Tuesday, September 18, 2012

Thirty Seconds After Denying Court Is Politicized, Scalia Says Democrats Do ‘Not Stick To The Text’ Of The Constitution

Conservative Justice Antonin Scalia spent much of the last Supreme Court term behaving more like a politician than a judge. His dissent from an opinion striking down much of Arizona’s anti-immigrant law SB 1070 included a rant against an irrelevant Obama Administration policy, and his questions during the Affordable Care Act were laced with conservative talking points more appropriate for Fox News than the Supreme Courtroom.

Yet, in an interview with Reuters yesterday, Scalia said he is “enraged” by suggestions that the Supreme Court has become “politicized.” Less than a minute later, however, Scalia launched into a partisan diatribe, this time claiming Democrats are less loyal to the Constitution than Republicans:

It really enrages me to hear people refer to [the Supreme Court] as a “politicized court.” Neither I nor any one of my colleagues votes a certain way because he or she likes this president or is a member of the party that that president belongs to.

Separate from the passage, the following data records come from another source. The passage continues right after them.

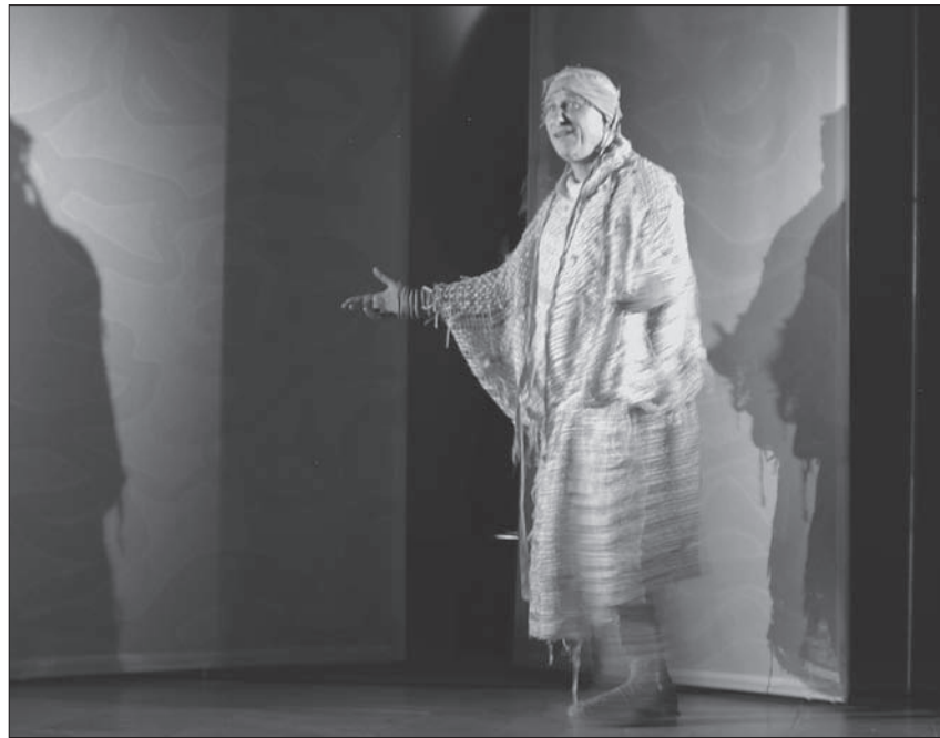
Mahalon trifft bei den Aufgeweckten ein.

Raum, Zeit und Ort sind aufgehoben. Die Ebenen der Bibel und die der Gegenwart vermischen sich im Jetzt. In sieben Szenen wird gezeigt, wie Aufgeweckte zweifeln, ob sie nicht mehr tot sind oder es nur so scheint.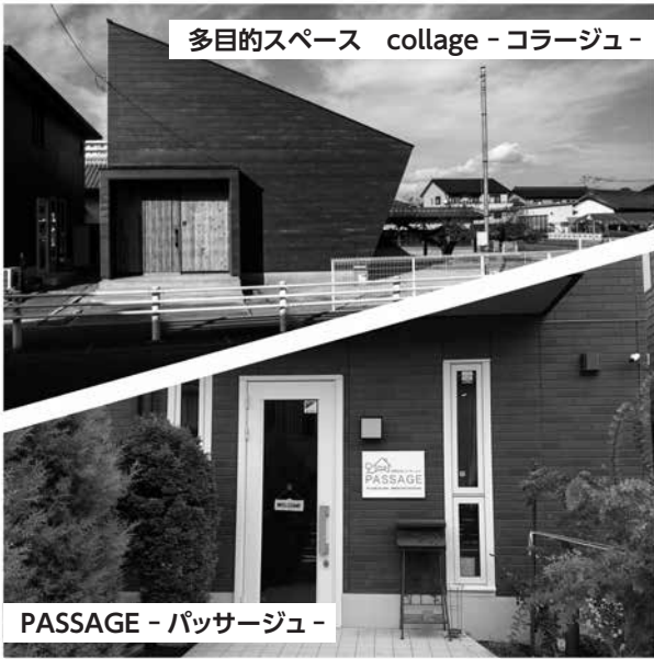
多目的スペース collage - コラージュ -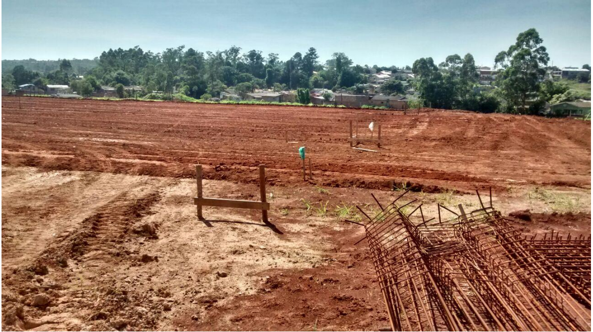
Figura 13: Local aonde será construída uma das quadras esportivas.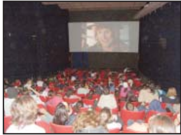
Crianças no cinema

Na primeira semana do mês de junho, 2500 (duas mil e quinhentas crianças) da rede municipal de Salto de Pirapora foram ao cinema gratuitamente.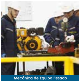
Mecánica de Equipo Pesado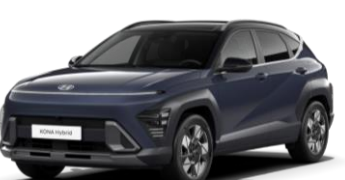
Denim Blue perlamutra (TN0) / melns jumts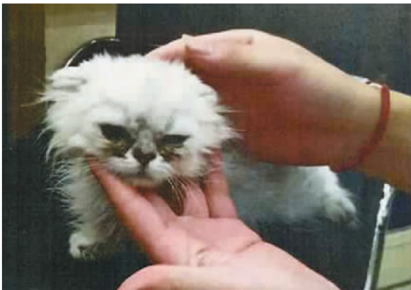
被偷的其中一只猫。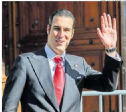
Miguel Torruco aspira ser el candidato de Morena.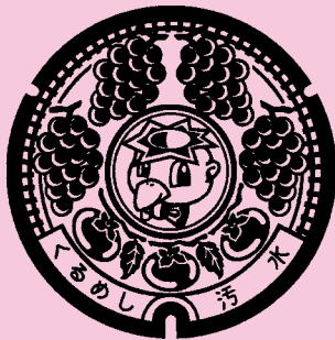
久留米市(田主丸町) 河童, 柿, 葡萄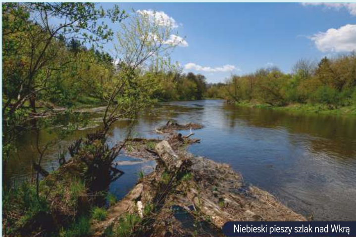
Niebieski pieszy szlak nad Wkrą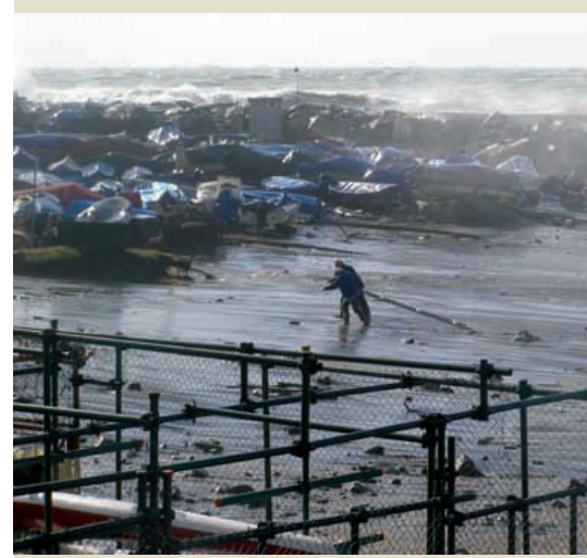
A PUNTA VAGNO Quel che resta delle barche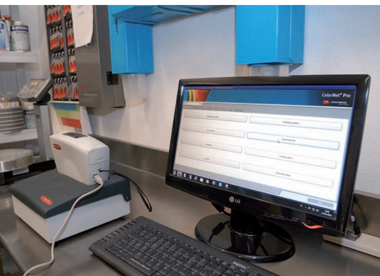
Conexión del espectrofotómetro al programa de gestión.

Parece que las marcas de pinturas están apostando por el desarrollo de esta herramienta y son ya muchas las que disponen de ella para la medición "electrónica" del color del vehículo, si bien, por el momento, no son muchos los talleres que cuentan con ella. Su funcionamiento es muy sencillo, facilitando y agilizando la tarea de búsqueda del color. Tras calibrar el equipo y tomar las lecturas sobre el vehículo o vehículos a repintar, se conecta el espectrofotómetro al programa y se descarga la información recogida. Además de la tecnología del equipo de medición, algo fundamental es la Base de Datos del programa. Con los datos recogidos el programa muestra un listado de los códigos de color que más se aproximan al color buscado, cuantificando la proximidad y pudiendo, incluso, reformular para un mayor ajuste según indicación del programa.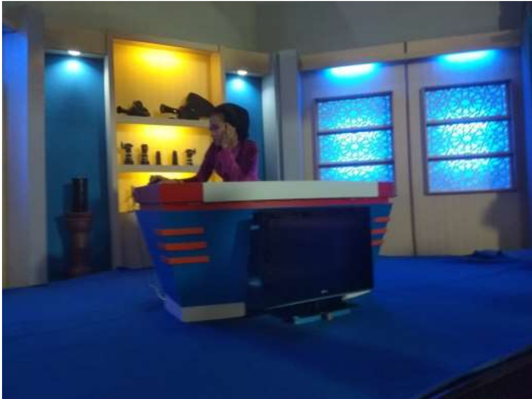
Studio Jogja Dalam Berita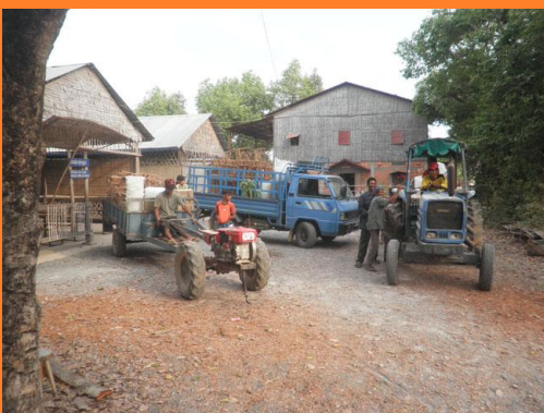
met alle mogelijke transport op weg!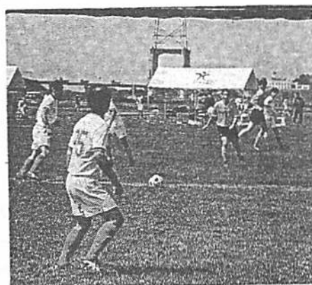
「百里・四十雀」と「東京四十雀」の熱戦

北は青森県から南は兵庫、約二千五百人が参加し、古河まで全国から百六チーム、古河市立サッカー場など四会場場で七日から開かれていた第七回「古河市マスターズ」大会が、八日(9日)の夜、閉幕した。

I could care less who the president is. They vote that way because that’s who they are. They were selected because of who they are. 
So why should it be surprising that when you have a Democratic Party which has been trying for years to appoint people who approve ofRoe v. Wade — which means people who are not originalists, who do not stick to the text, who believe in substantive due process or whatever — why should it be surprising when the Democrats have been doing that for 30 years, at least, and the Republicans have been doing the opposite for 30 years — swearing that they are going to appoint people who are not judicial activists, gonna, you know, hew to the text — why should it be surprising that you end up with a Court where the Democratic appointees are quite different from the Republican appointees?

          


To the extent that Scalia ever had the moral high ground to complain that someone isn’t following the text of the Constitution, he abandoned it completely when he voted to strike down the Affordable Care Act. The Constitution permits Congress to “regulate commerce . . . among the several states,” and the very first Supreme Court decision to interpret these words established that they give the United States “full power” over all forms of interstate trade. The Affordable Care Act regulates trade in health insurance and health care services throughout the country, and thus is clearly and obviously constitutional under the text of the Constitution.

So if Scalia is truly worried about judges who do not follow the text of the Constitution, he might want to look a lot closer to home than the Democratic Party. Moreover, if he is so “enraged” by allegations that his Court is politicized, he might want to consider not adding fuel to those allegations by suggesting that the Republican Party has a monopoly on loyalty to the text of the Constitution.